▸ EXERCISE AIM
Copy out every line of the material below, character for character, apart from the pictures.

▸ DATASET EXCERPT
--- --- ---

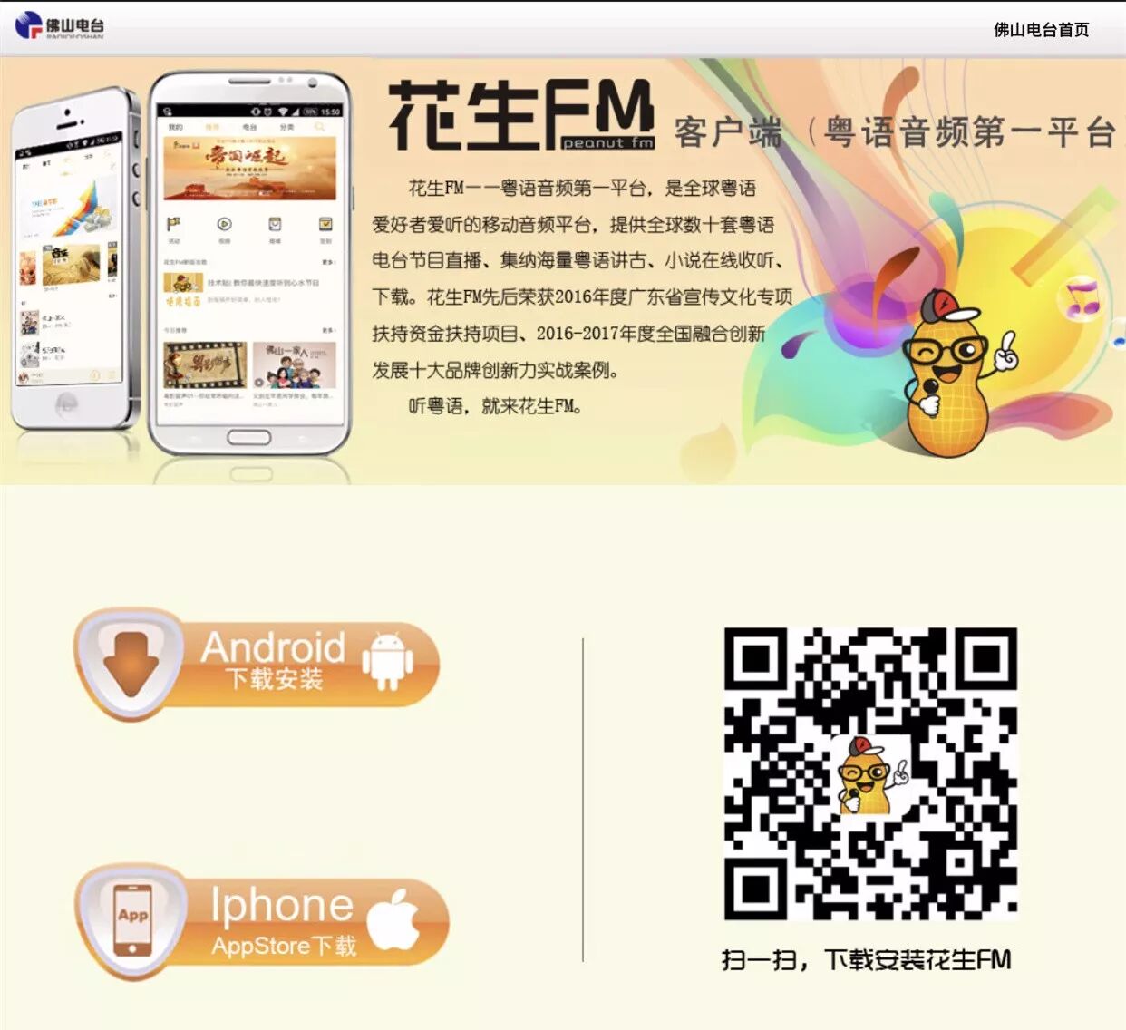 佛山电台官方微信、粤语音频第一平台——花生FM app对开幕式进行直播。
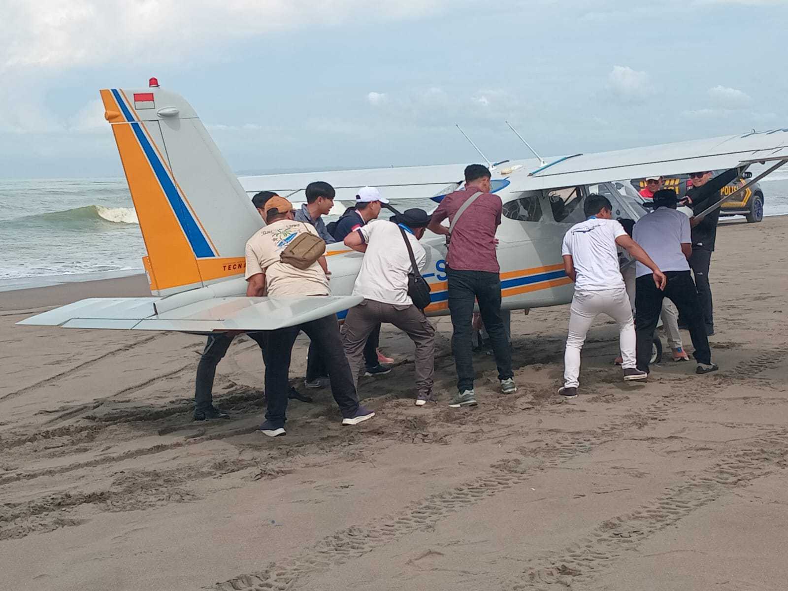 PANGANDARAN – JABAR, MB1 II Pesawat jenis capung mendarat darurat di pesisir pantai sebelah Barat kawasan Kampung Turis Pangandaran pada, Minggu 20 April 2025. Kabid Humas Polda Jabar Kombes Pol...
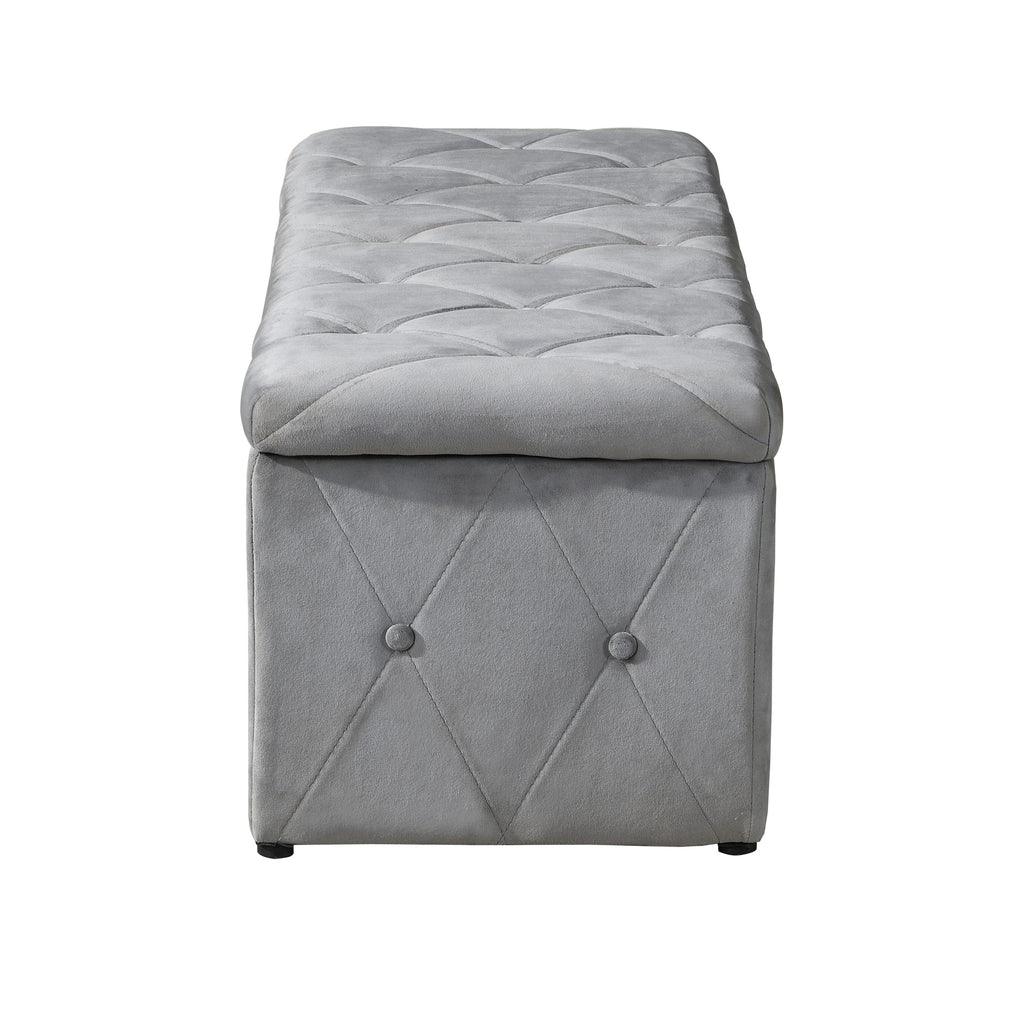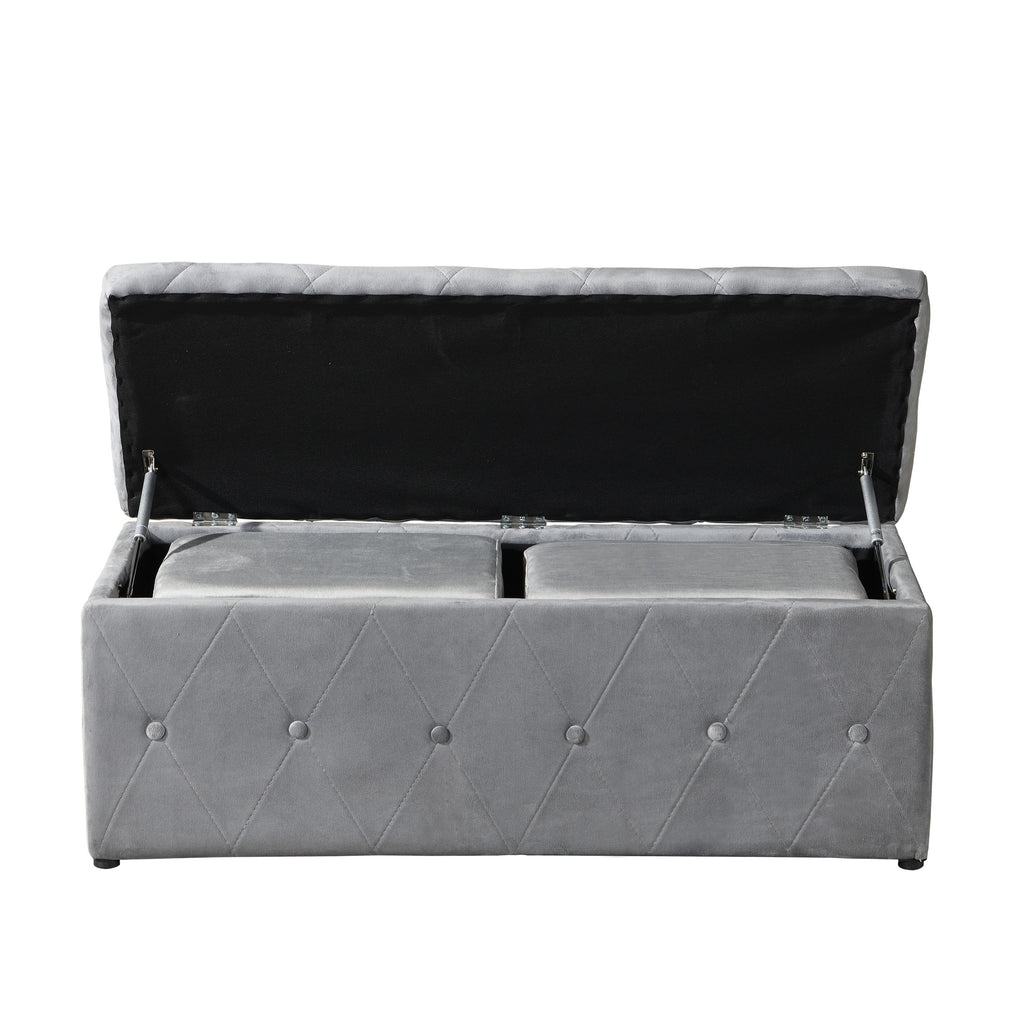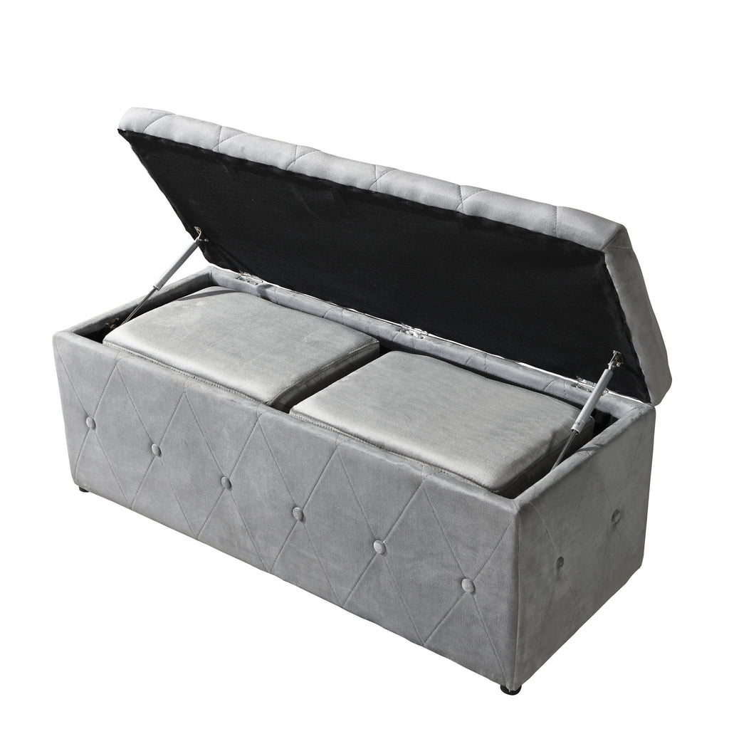 1 Piece Rectangular Storage Ottoman Short velvet with 2 Set Ottomans (Light Gray)
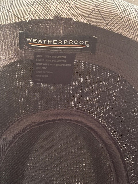 New with tags Dress hat Weatherproof 1 3/4 inch brim fedora, grey/black plaid lightweight fabric grosgrain inside sweatband; self outside band Size medium is hat size 7 1/8, 58 cm material is a woven, 100% polyester shipped in a box

--- --- ---

▸ ANSWER FOR THE TASK
 佛山电台官方微信、粤语音频第一平台——花生FM app对开幕式进行直播。
 PANGANDARAN – JABAR, MB1 II Pesawat jenis capung mendarat darurat di pesisir pantai sebelah Barat kawasan Kampung Turis Pangandaran pada, Minggu 20 April 2025. Kabid Humas Polda Jabar Kombes Pol...
 1 Piece Rectangular Storage Ottoman Short velvet with 2 Set Ottomans (Light Gray)
 New with tags Dress hat Weatherproof 1 3/4 inch brim fedora, grey/black plaid lightweight fabric grosgrain inside sweatband; self outside band Size medium is hat size 7 1/8, 58 cm material is a woven, 100% polyester shipped in a box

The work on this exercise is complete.